A changing effect of bank capital on lending in response to the level of liquidity: Evidence from US commercial banks from 2003 to 2010
- A changing effect of bank capital on lending in response to the level of liquidity: Evidence from US commercial banks from 2003 to 2010
- KIM, DOHAN
- Issue Date
- KDI School of public policy and management
- This paper examines whether the effect of a change of bank capital ratios on lending differs depending on the level of liquidity. Using the balanced 1,050 U.S. commercial
banks quarterly data from 2003 Q1 to 2010 Q4, this paper finds that the effect of bank capital on credit growth, where it is defined as a quarterly growth rate of loans and unused commitments, relates positively to the level of bank liquid assets. It also shows that the
positive effect of bank capital increase on credit growth is significant only after banks retain enough liquid assets. This interaction effect did not change during the recent financial crisis period, and were more prominent for large banks.

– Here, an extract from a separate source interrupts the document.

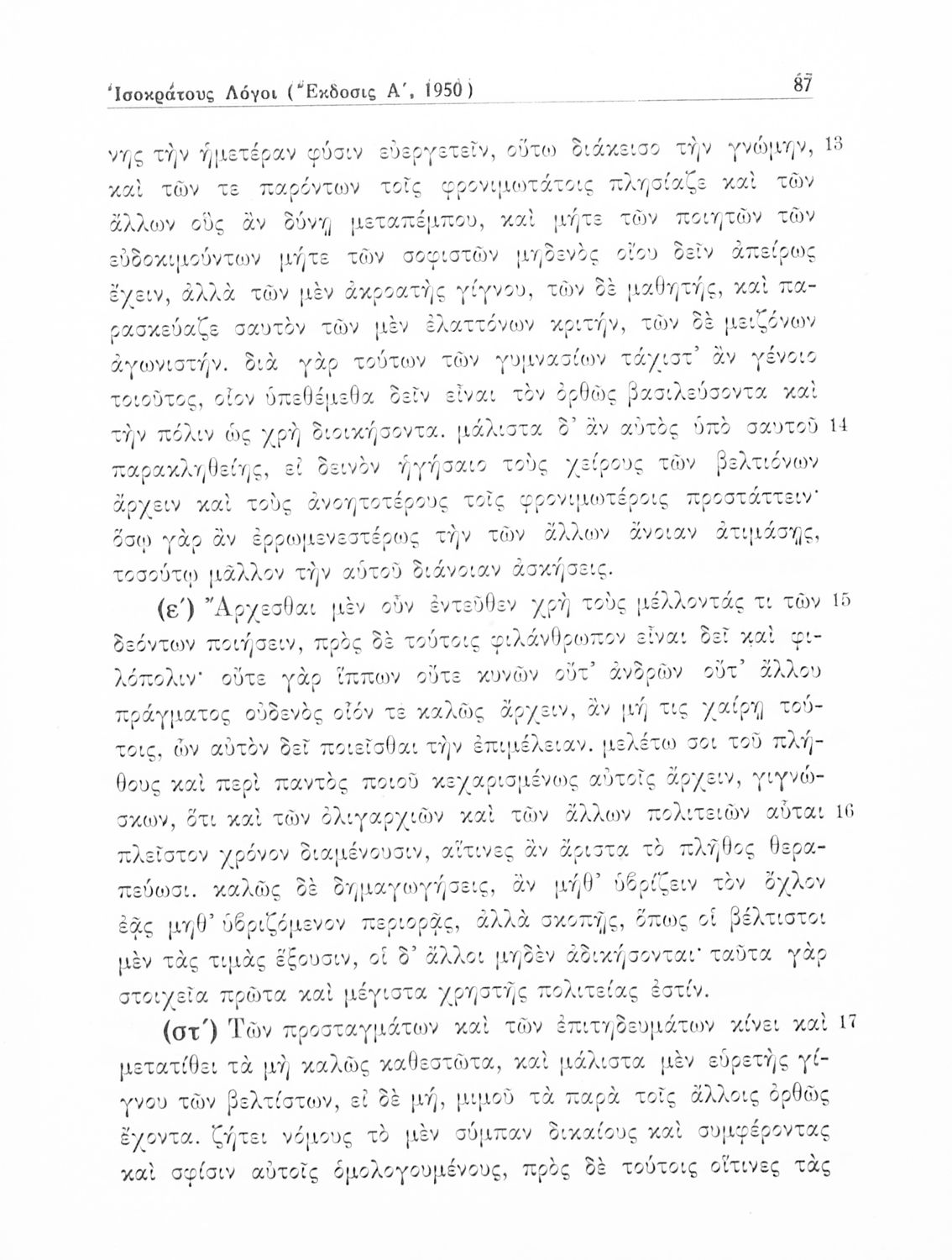 Ισοκράτης, Νικόλαος Ι. Ζαφειρίου (σχόλια)

The results suggest three important policy implications. First, any policy actions to sustain bank lending, for example capital injections
and liquidity support, are complementary and should be implemented harmoniously to be more effective. Second, if only capital injection is implemented, this would be more effective for banks with high liquid assets in the light of boosting credit supply. At last, international regulatory efforts to induce banks to hold more liquid assets and capital would be a right direction since banks with more liquid assets and capital would be able to supply more credit thanks to their increased capability of absorbing negative economic shocks.